Quartetto poli-strumentale in scena. Appuntamento alla periferia commerciale di Castel di Sangro. I componenti della band suonano chi la chitarra di accompagnamento, chi il sax solista, chi le percussioni, nel senso di scandire il ritmo, chi come me che è sempre in debito di ossigeno le maracas, leggere e surrogabili dai bastoncini in fibra di carbonio.

Piano Campitelli, oltre quota mille quattrocento metri, con il sole dell’alba che dà luce alle mandrie mattiniere già al pascolo madido di rugiada e ai Monti della Meta, già fulgidi. E’ fresco e il sentiero inizialmente largo e in saliscendi conduce in semioscurità nella faggeta, contrasto con il sole nascente e la luna ancora visibile al suo tramonto ad ovest. Chitarra e percussioni intonano una cadenza estranea alle mie maracas, deviando in una corsia laterale al di fuori del pentagramma bianco e rosso. Il sax è con me, nel rispetto rigido del protocollo dettato dai segni del sentiero.

Quando la vernice bicolore stenta a farsi riconoscere e ad apparire alla nostra vista, ci si orienta con la luminosità proveniente dalla radura verde che delimita il bosco. In uscita, si riconquista il sentiero qui decisamente più visibile, e si ricompone momentaneamente il quartetto. Resti in pietra di una pastorizia ormai defunta, perimetro di improbabili stazzi,  fanno da preludio all’incantevole vista dell’anfiteatro dei Monti della Meta, il cui riverbero è qui quasi accecante. Adriano e Tonino riconquistano l’avanguardia e scompaiono nuovamente alla nostra vista.  Siamo nella Conca del Biscurri, dove troviamo  quel che resta, pietre squadrate alla base, del fortino, il Blockhaus, che la Guardia Nazionale edificò per combattere il brigantaggio, particolarmente attivo in questa zona di confine fra le tre Regioni, a metà dell’Ottocento. Proprio ai piedi dei Monti della Meta, fra Vallerotonda e Picinisco, fu tradito da un suo compagno  e ucciso Domenico Fuoco, capo dei briganti di San Pietro Infine. Il cui cadavere, insieme alle spoglie dei suoi due luogotenenti, furono esposti nudi e martoriati  al pubblico ludibrio nei diversi Comuni della Terra di Lavoro.

Superata una selletta, parte un tratto senza scia, fatto di pietre da frana di diversa dimensione, instabili e subdole, difficili da calpestare. Lentezza e premura, gli strumenti in cassetta degli attrezzi.

Il Passo dei Monaci è l’ombelico dei tre tracciati per il Monte Meta.  La Guardia Parco ci accoglie al bivio, a ridosso di un riparo roccioso, con targa.

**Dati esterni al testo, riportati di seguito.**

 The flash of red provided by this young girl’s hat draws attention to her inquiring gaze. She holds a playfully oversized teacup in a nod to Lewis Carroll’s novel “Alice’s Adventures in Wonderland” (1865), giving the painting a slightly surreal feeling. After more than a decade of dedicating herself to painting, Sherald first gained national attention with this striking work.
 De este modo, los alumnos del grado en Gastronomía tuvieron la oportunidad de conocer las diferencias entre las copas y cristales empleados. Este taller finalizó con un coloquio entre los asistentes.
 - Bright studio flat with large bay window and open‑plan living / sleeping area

È  il Virgilio delle Mainarde e dei Monti della Meta. Baffi rossi abbondanti, rigorosamente in divisa,  sessant’anni e tante storie da raccontare su salvataggi e su quelle montagne di cui è fedele custode. Sciorina toponomi e quote delle vette. Parla di sé, dei prodromi del suo pensionamento, della unicità del suo lavoro. Ci indica il luogo dove sarebbero sepolti i tre monaci, lì morti sorpresi dalla bufera. Danno nome al Passo ed erano in viaggio da Trisulti e Casamari ai conventi  del Molise. Su quel fazzoletto di terreno va depositato per tradizione un sasso, a memoria. 

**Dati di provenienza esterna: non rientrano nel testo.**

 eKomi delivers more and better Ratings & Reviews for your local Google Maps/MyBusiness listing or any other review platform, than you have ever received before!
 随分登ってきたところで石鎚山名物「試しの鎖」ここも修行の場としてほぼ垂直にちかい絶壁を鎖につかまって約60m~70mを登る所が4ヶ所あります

Dal Passo dei Monaci, si erge l’erta finale, impegnativa, scivolosa. Gradoni, terra, sfasciami di rocce non danno tregua per pendenza. È, non solo per me, decisamente faticosa. Solo l’aggiramento di un masso in cresta porta ad un tratto dove il sentiero ripiana e lascia riprendere il respiro. Un ultimo breve segmento scosceso  conduce alla vetta, 2.242 metri di altitudine. Diversi vessilli, non solo croci, la erigono, a testimonianza della sua triplice maternità. Il panorama che ci accoglie sazia più del pane e formaggio che ho scelto come pranzo. Il vicino Monte Petroso, di pochi metri più alto del Meta,  le Mainarde, la Metuccia e il suo cratere, il Monte Miele, il lago della Montagna Spaccata, il Tirreno e l’Adriatico. 

Offrono sui massi che fanno da corolla alla cima taralli dolci di Amaseno e narrano di precedenti salite sul Meta. Un nutrito gruppo guidato da un sacerdote straniero, incredulo dell’impresa, in preghiera si  gode l’incantesimo. 

Archiviato con medesimo dispendio energetico lo slalom che riporta al Passo de Monaci, il percussionista propone il sentiero M1, che, tutto in territorio molisano, chiude ad anello l’escursione avviata al mattino. Si evita così la pietraia che ci era risultata tanto indigesta, si attraversa l’intera Valle Pagana che seppur lunga ci regala fontanili e Marchigiane immobili e si  raggiunge il Pano Le Forme, nel Comune di Pizzone, che,  detta anche Valle Fiorita, ospita in un’area picnic attrezzata avventori con cocomeri al fresco di una fonte gelata. Memorabile il bosco di faggi, propaggini di rocce, scenografia da cinema fantasy.

Tonino e Adriano sono democraticamente designati al recupero della Jeep a Piano Campitelli. La distanza imprevista, l’uso ignorato della frizione nell’accensione della macchina ne dilatano i tempi. E si accende, ma in maniera divertente, la spia del noir.

Bagnanti in riva al Lago della Montagna Spaccata e bomba alla crema ad ALT, stazione del gusto dello chef pluristellato  Niko Romito, concludono la meta del giorno.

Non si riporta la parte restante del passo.